Unnamed: 0,nom_dept,nom_poll,unite,valeur
266,Rhône,Particules PM10,µg/m3,20.6
120,Savoie,Monoxyde d'azote,µg/m3,3.0
67,Puy-de-Dôme,Monoxyde d'azote,µg/m3,31.0
132,Haute-Savoie,Monoxyde d'azote,µg/m3,
3,Loire,Oxydes d'azote,µg/m3,8.0


In [4]:
# Paris Ile de France
path = 'idf' # use your path
all_files = glob.glob(path + "/*.csv")

li = []

for filename in all_files:
    df = pd.read_csv(filename, index_col=None, header=0, usecols=fields)
    li.append(df)

idf_df = pd.concat(li, axis=0, ignore_index=True, sort=True)
idf_df.sample(5)

Unnamed: 0,nom_dept,nom_poll,unite,valeur
50,YVELINES,O3,ug.m-3,48.0
208,PARIS,PM2.5,ug.m-3,18.2
214,YVELINES,PM2.5,ug.m-3,11.8
143,SEINE-SAINT-DENIS,PM10,ug.m-3,42.4
79,SEINE-ET-MARNE,O3,ug.m-3,46.0


In [5]:
# Grand est
est_df = pd.read_csv('mes_atmo_grand_est_annuel_poll_princ.csv', index_col=None, header=0, usecols=fields)
est_df.sample(5)

Unnamed: 0,nom_dept,nom_poll,valeur,unite
1802,Haut-Rhin,Dioxyde d'azote,28.0,µg/m3
2384,Moselle,Particules PM10,,µg/m3
2555,Bas-Rhin,,,µg/m3
2217,Marne,Oxydes d'azote,,µg/m3
2132,Bas-Rhin,,,µg/m3


In [6]:
# Haut de France
hdf_df = pd.read_csv('mes_hdf_annuel_poll_princ.csv', index_col=None, header=0, usecols=fields)
hdf_df.sample(5)

Unnamed: 0,nom_dept,nom_poll,valeur,unite
193,OISE,Particules PM10,18.8,ug.m-3
234,NORD,Benzène,0.63,ug.m-3
789,NORD,Particules fines PM2.5,,ug.m-3
707,NORD,Ozone,,ug.m-3
464,NORD,Particules PM10,15.8,ug.m-3


In [7]:
# PACA
paca_df = pd.read_csv('mes_sudpaca_annuelle.csv', index_col=None, header=0, usecols=fields)
paca_df.sample(5)

Unnamed: 0,nom_dept,nom_poll,valeur,unite
729,HAUTES-ALPES,"Particules fines PM2,5",11.1,ug.m-3
545,ALPES-MARITIMES,Dioxyde d'azote,27.5,ug.m-3
651,HAUTES-ALPES,Ozone,45.0,ug.m-3
84,BOUCHES-DU-RHONE,Dioxyde de soufre,2.0,ug.m-3
496,VAUCLUSE,Ozone,64.5,ug.m-3


In [8]:
# Super merging
merged_df = pd.concat([aura_df, idf_df, est_df, hdf_df, paca_df], axis=0, ignore_index=True, sort=True)
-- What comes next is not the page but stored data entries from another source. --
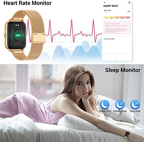 【Stylish Smart Watches for Women and Men】Waterproof Smart watch has a handsome design,with its square display and full touch 1.4 inch colorful screen,which has 240*240 pixels resolution make screen clear and bright.The case of bluetooth smart watch is made of metal. The display screen will be lightened up automatically while lifting the wrist.Digital watch has many face, you can even set your own photo as the face skins freely.Smart watch has a gold strap and an extra silicone pink strap
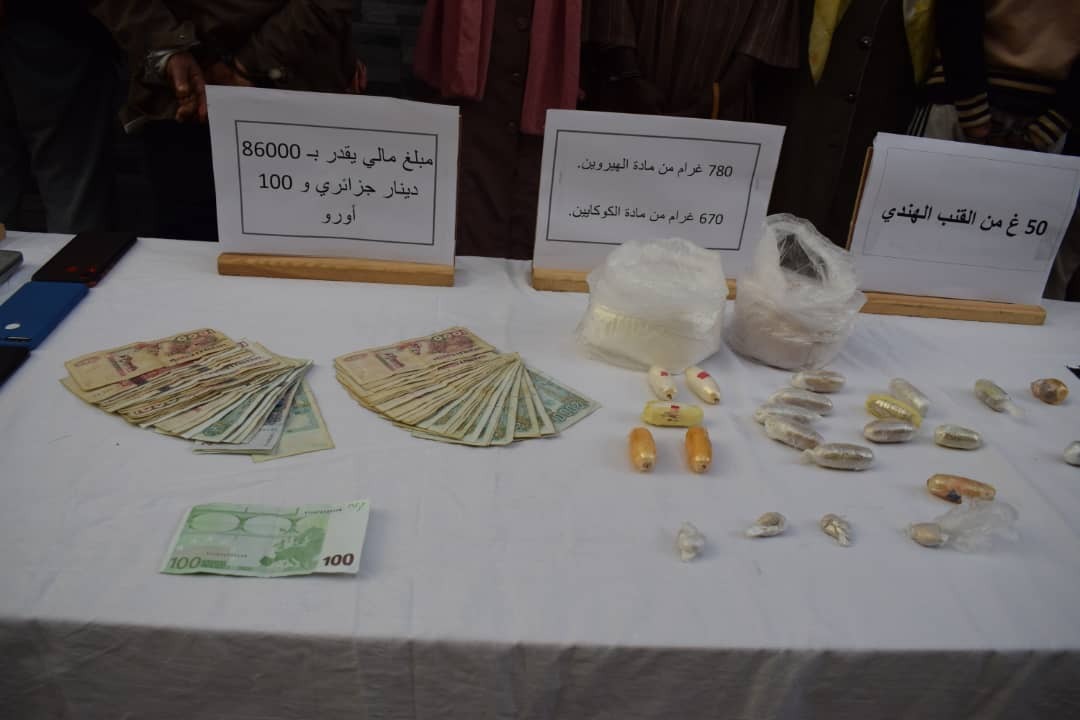وأردف البيان: "أسفرت العملية عن ضبط وحجز 780 غ من الهيرويين، 670غ من الكوكايين، 50غ من القنب الهندي، سيارتين ،13 هاتف نقال ،مبلغ مالي يقدر بـ 86000 دينار جزائري و 100 أورو. مواد صيدلانية ومعدات تستعمل في المزج التحضير للمخدرات".
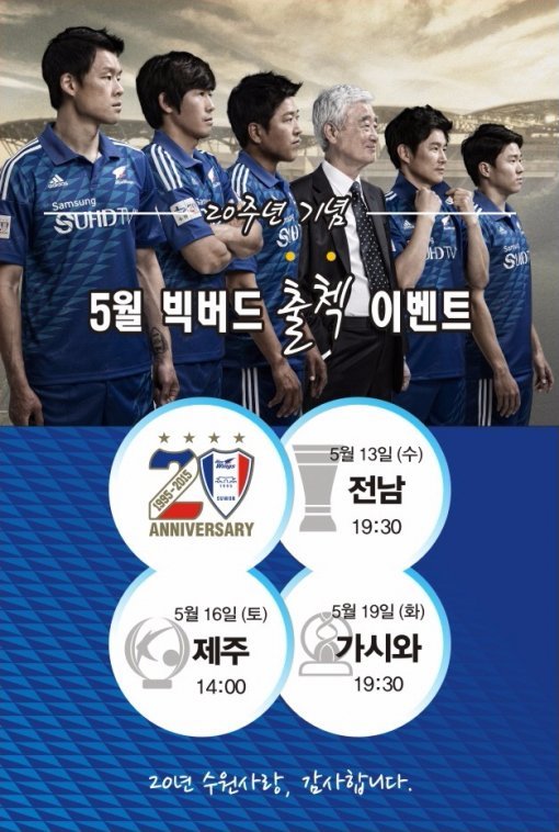 3경기의 출첵 도장을 완료하신 팬들을 대상으로 5/22에 추첨을 실시하여 당첨된 10명에게는 최근 품절 사태를 일으키며 최고의 인기를 모으고 있는 ‘초레어 아이템’ 블루윙즈 20주년 레트로 유니폼을 증정할 예정이다.
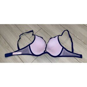 Victorias Secret Push Up Bra Lace Padded Underwire Rhinestones Womens 32D Blue

# We need to clean the polluant name here:
pol_cleaner = {"Dioxyde d'azote": "NO2", "Monoxyde d'azote": "NO", "Oxydes d'azote": "NO2", "Ozone": "O3", \
              "Particules PM10": "PM10", "Particules PM2,5": "PM2.5", "Particules fines PM2,5": "PM2.5", "Particules fines PM2.5": "PM2.5"}

merged_df = merged_df.replace({"nom_poll": pol_cleaner})

# Lowercase and sort by department name
merged_df['nom_dept'] = merged_df['nom_dept'].str.lower()

# Aggregate the values to have a global average over the years:
agg_df = merged_df.groupby(['nom_dept', 'nom_poll'],as_index=False).agg({'valeur': 'mean'})


# Pivot to extract the features of pollution
FR_pol_df = agg_df.pivot(index='nom_dept', columns='nom_poll', values='valeur')
FR_pol_df = FR_pol_df[['NO2', 'O3', 'PM10', 'PM2.5']]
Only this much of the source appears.